14.プラン


 俺と望奈さんは南にある学校を目指していたが、住宅街にゴブリンが多すぎる為に、進行方向の西側にあった七階建てのマンションの屋上から、遠目で学校を確認していた。


「アレ、学校燃えてない?」


「燃えてますねぇー」


 周りを見渡し大きな建物を見つけ、学校と認識すると同時に燃え盛る炎が視界に入り、校舎の一部と門の辺りが燃える火が光源となり照らしている為、距離にして200m程離れているが見える事には見えていた。

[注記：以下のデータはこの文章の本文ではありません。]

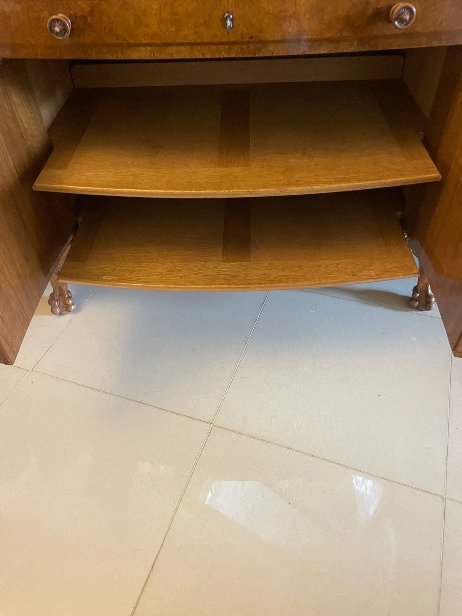 Outstanding quality large antique carved burr walnut bow fronted sideboard having an outstanding quality burr walnut bow fronted top with a carved edge above a bow fronted centre drawer with original carved walnut knobs flanked by unusual swing out burr walnut drawers boasting lovely carved bells and flowers above a pair of bow fronted burr walnut doors opening to reveal two sliding storage shelves flanked by two bow fronted end doors opening to reveal a shelved interior standing on carved walnut shaped cabriole legs with claw and ball feet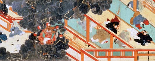 新たに台頭した武士の生活を伝える絵巻、戦乱を体験した人々の心に訴える絵巻、布教を目的に祖師の活躍を伝える絵巻(絵伝)が登場しました。

 学校に避難してきた人は大勢いたようだ、何故?と思ったが理由は直ぐに分かった、グラウンドには自衛隊の大型車両が数台止まっており、彼ら自衛隊が居るという話が広まり、自宅にいるよりは安全と判断した人が押し寄せた。


 そんな感じだろう。


(人もゴブリンも多いな)


 人は千人は居るな、この周辺の人達はみんな逃げてるって感じか。


 そしてゴブリンも周りから集まったのか、門の周辺に動く小さな影が無数に蠢いており、俺と望奈さんが先程から遭遇してた大量のゴブリンは、同じ様に学校を目指し集まってた奴等だったのかもしれない。


 ゴブリンはどうやって集まってるのかと思ったが、その理由は直ぐに聞こえた『ドーンッ!!』と空気を伝い聞こえてくる、何かの爆発音。


 ロケランか手榴弾なのかは分からないし、他の爆弾かもしれない。だが、これがより多くのゴブリンに、学校にナニカが居ると教えている原因となってるのは間違いないな。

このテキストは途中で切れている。